Noise control proposal threatens Des Moines Social Club redevelopment
A city noise control recommendation made public Monday could affect plans to redevelop the Des Moines Social Club (DMSC).
What's happening: Local business leaders Todd Millang, Tyler Dingel and Paul Rottenberg are partnering on a proposal to redesign much of the 30,000-square-foot facility for commercial tenants.
- They say their redevelopment plans would become far more difficult if Des Moines approves the noise proposal.
Catch up fast: DMSC invested about $7 million into transforming the former fire station into an "arts incubator" with an outdoor courtyard before shuttering and putting the space up for sale about a year ago.
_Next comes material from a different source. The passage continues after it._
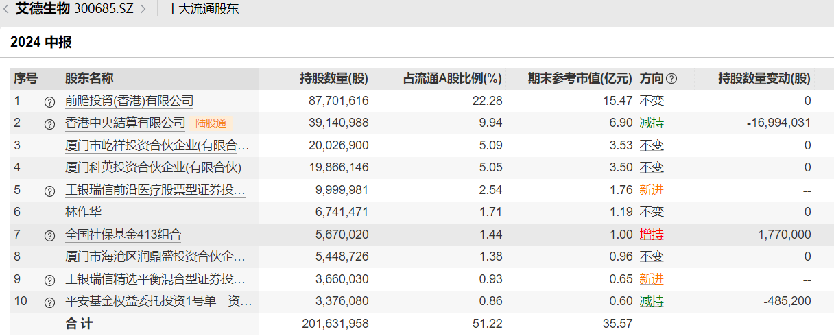 还有艾德生物刚刚披露的半年报显示,全国社保基金413组合加仓了177万股,持股数增加到了约567万股,排在前十大流通股东的第七位。

- A Kansas City developer had looked into repurposing the site into a boutique speakeasy and outdoor music venue, but backed out of a deal late last year.
Fast forward: The latest concept calls for removing an outdoor concert stage, but allowing events like weddings and retirements to be celebrated in the space.
Plus: The Des Moines Association of Professional Firefighters is considering an option to locate in the building, Millang told the City Council Monday.
- A union hall would provide necessary rental income for the group.
What they're saying: Under the noise proposal, traffic sounds and trains in the area would surpass the proposed decibel limits at the site, Darren Hushak, a consultant working for Millang's group, told the council Monday.
The other side: James Heckmann, president of nearby condo 111 City Lofts' homeowners association, is pushing back against the redevelopment proposal.
- He said past DMSC events were disruptive for condo residents and that Millang's current proposal isn't an appropriate use of the site.
What's next: City staff are further assessing the noise situation and will likely release final recommendations in coming weeks, City Manager Scott Sanders said Monday.
Of note: The City Council on Monday rejected a separate noise ordinance proposed for Lauridsen Amphitheater in a 5-2 vote after venue promoters said a 9pm concert cutoff would harm the city's music scene.
- Josh Mandelbaum and Linda Westergaard were the two city councilmembers to vote in support of the ordinance.